* **Extracted entries**:
»»

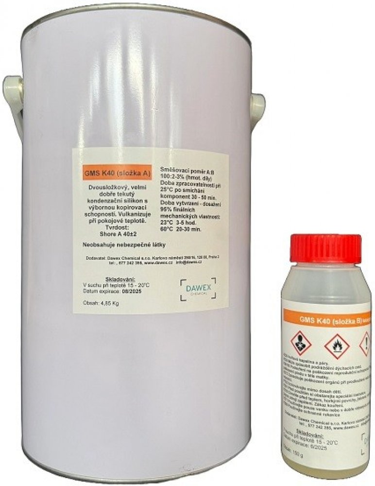 Výsledkem je středně tvrdá, deformacím odolná silikonová pryž vhodná i k odlévání velkých a rozměrných výrobků. GMS K40 se vyznačuje výbornou tekutostí, dobrým odvodem bublin a snadným odformováním. Lze dobře probarvovat pomocí GMS pigmentů.
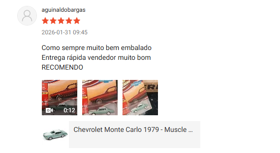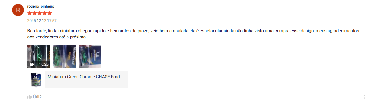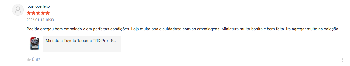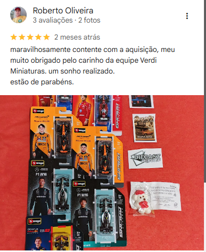 A Verdi Miniaturas também recebe avaliações de clientes no Google Maps, onde colecionadores compartilham suas experiências de compra e fotos das miniaturas recebidas.
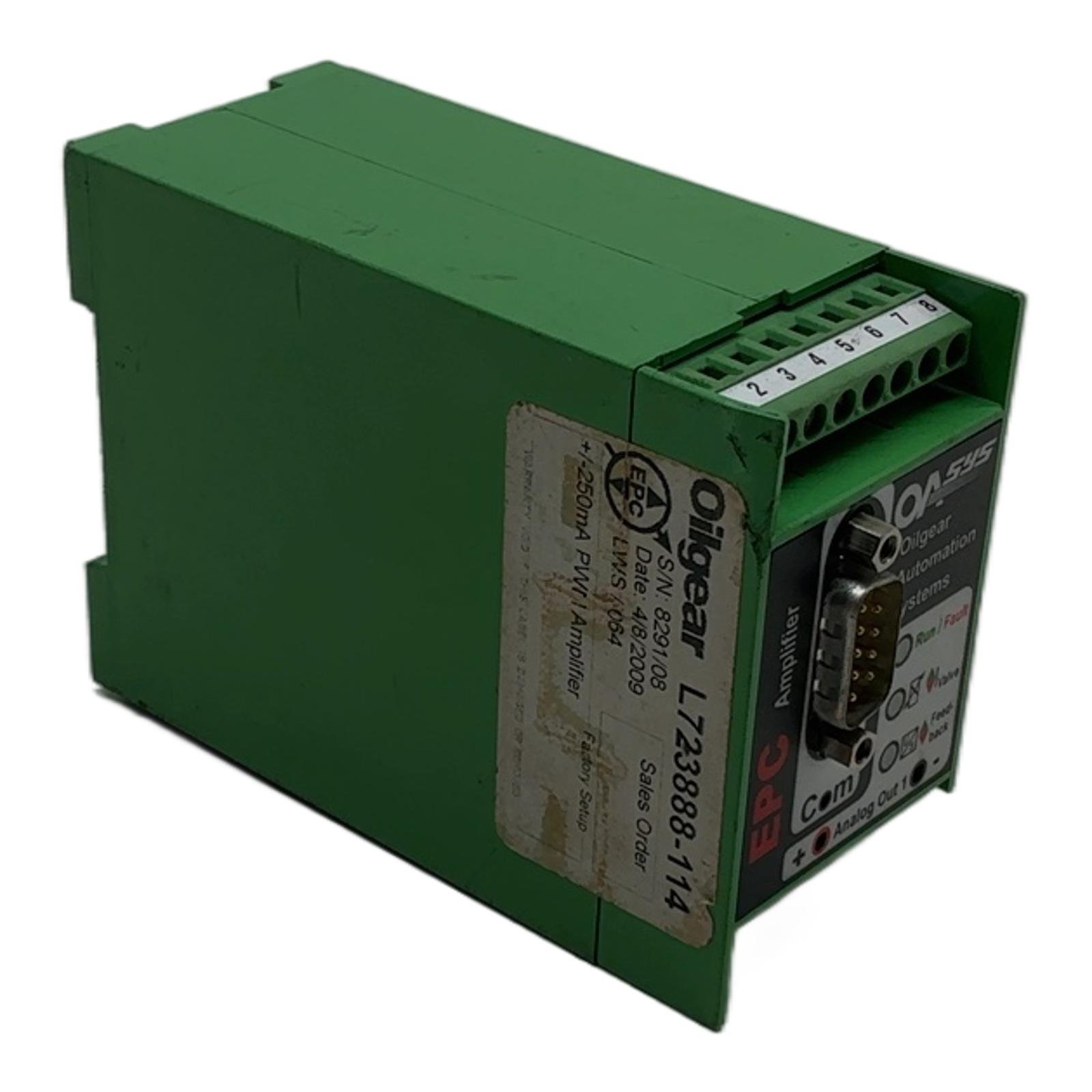 Oilgear EPC Digital Amplifier L723888-114 Description The Oilgear L723888-114 is a high-performance EPC (Electronic Proportional Control) amplifier designed for precise control of proportional valves in hydraulic systems. This DIN-rail mountable unit provides a +/- 250mA PWM current output, making it suitable for a wide range of industrial applications requiring accurate flow or pressure modulation. It features intuitive diagnostic LEDs for easy monitoring of system status. Specifications Manufacturer: Oilgear Model: L723888-114 Product Type: EPC Digital Amplifier Output: +/- 250mA PWM Current Mounting: DIN Rail Connections: Screw Terminals, DB9 COM Port Indicators: LEDs for Run/Fault, Valve status Label Info S/N: 8291/08 Date: 4/8/2009 Application This amplifier is ideal for applications in manufacturing, heavy machinery, and process control where precise and reliable control of hydraulic proportional valves is critical. CO2 Impact Opting for this pre-owned unit over a new one prevents the emission of approximately 10 kg of CO2, contributing to a more sustainable industrial environment. Availability This is a legacy component, available from our stock. Ensure compatibility with your system before purchase. Order now from profideals for expert support and fast delivery. FAQ What is the “EPC” in EPC Amplifier? EPC stands for Electronic Proportional Control. This amplifier is designed to provide a precise, variable current output to control proportional hydraulic valves, allowing for fine control over flow or pressure. Can this L723888-114 amplifier be configured in the field? The label indicates a “Factory Setup”, suggesting that key parameters are pre-configured. While some adjustments might be possible via the COM port (likely RS232 or similar), extensive reconfiguration may require specialized software from Oilgear. Always consult the technical manual before making changes. What do the ‘Run/Fault’ and ‘Valve’ LEDs indicate? The ‘Run/Fault’ LED provides the general operational status of the amplifier; green for normal operation and red for an internal or external fault. The ‘Valve’ LED typically indicates the status of the output to the valve coil, confirming that a signal is being sent. Last Update: Friday, March 13, 2026 profideals is not an authorized distributor, reseller or representative of the products featured on this website. All product names, trademarks, brands and logos used on this site are the property of their respective owners. The depiction, description or sale of products featuring these names, trademarks, brands and logos is for identification purposes only and is not intended to indicate any affiliation with or authorization by any rights holder.
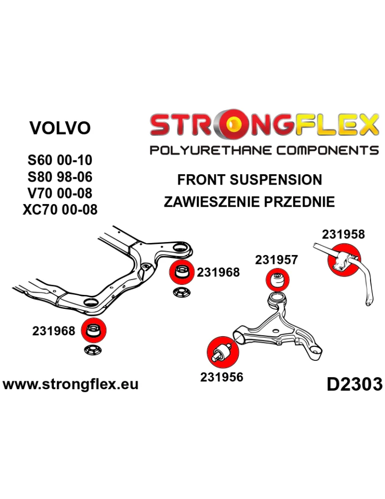 Kit Silents-blocks Renforcés Polyuréthane StrongFlex Volvo V70 XC / XC70 (01-) (-07)
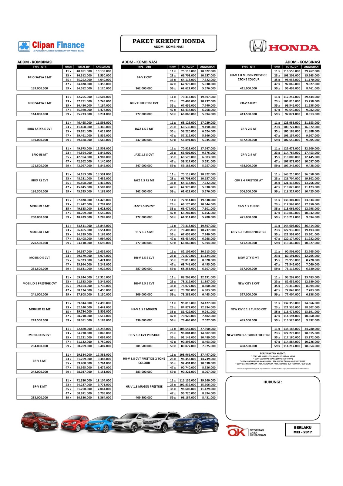 Brosur Kredit Motor Honda Maret 2017 | Dealer Sepeda Motor Honda Sungai Bahar Jambi
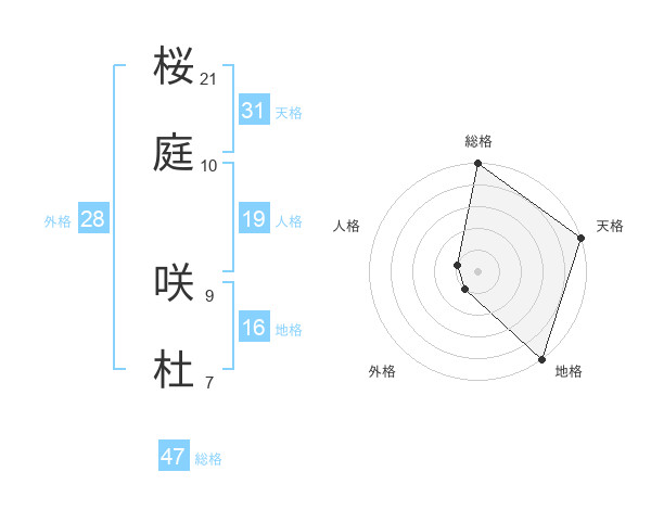 桜庭 咲杜さんの総格は47画の5点!
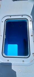 La panca di guida, in modalità "poggiaschiena" accoglie la vasca per il vivo che, tramite una presa a mare, viene alimentata da una pompa Tsunami.
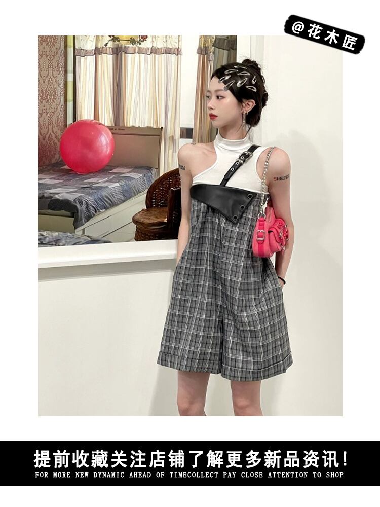 sense overalls plaid jumpsuit women's summer 2022 new net red small loose wide-leg shorts tide レッド サマー 夏物 ショーツ ブルマー 0921989745842517
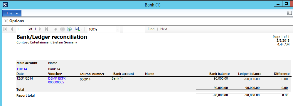 To clear this balance on the transfer account the foreign currency revaluation process is run in the General Ledger module for the respective account. The outcome of this revaluation process is a balance of 0 EUR on the transfer account.
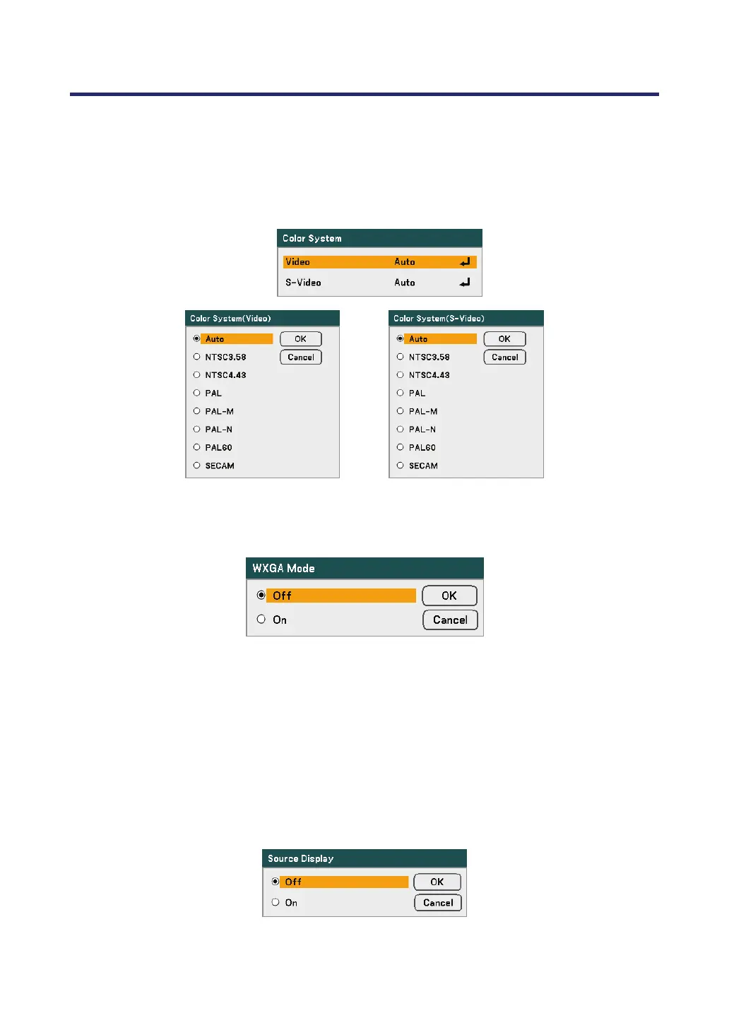 Selecting On will give priority to a WXGA (1280 x 800) signal in recognizing an input
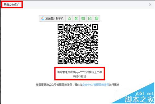 5、弹出“开启安全保护”,提示“请用管理员微信。。。扫描上二维码进行验证”;

««

* **Problem**: Please return only the lines from the top of the data through the line with "A Verdi Miniaturas", exactly as written, and drop every picture.

* **Result**:
 Výsledkem je středně tvrdá, deformacím odolná silikonová pryž vhodná i k odlévání velkých a rozměrných výrobků. GMS K40 se vyznačuje výbornou tekutostí, dobrým odvodem bublin a snadným odformováním. Lze dobře probarvovat pomocí GMS pigmentů.
 A Verdi Miniaturas também recebe avaliações de clientes no Google Maps, onde colecionadores compartilham suas experiências de compra e fotos das miniaturas recebidas.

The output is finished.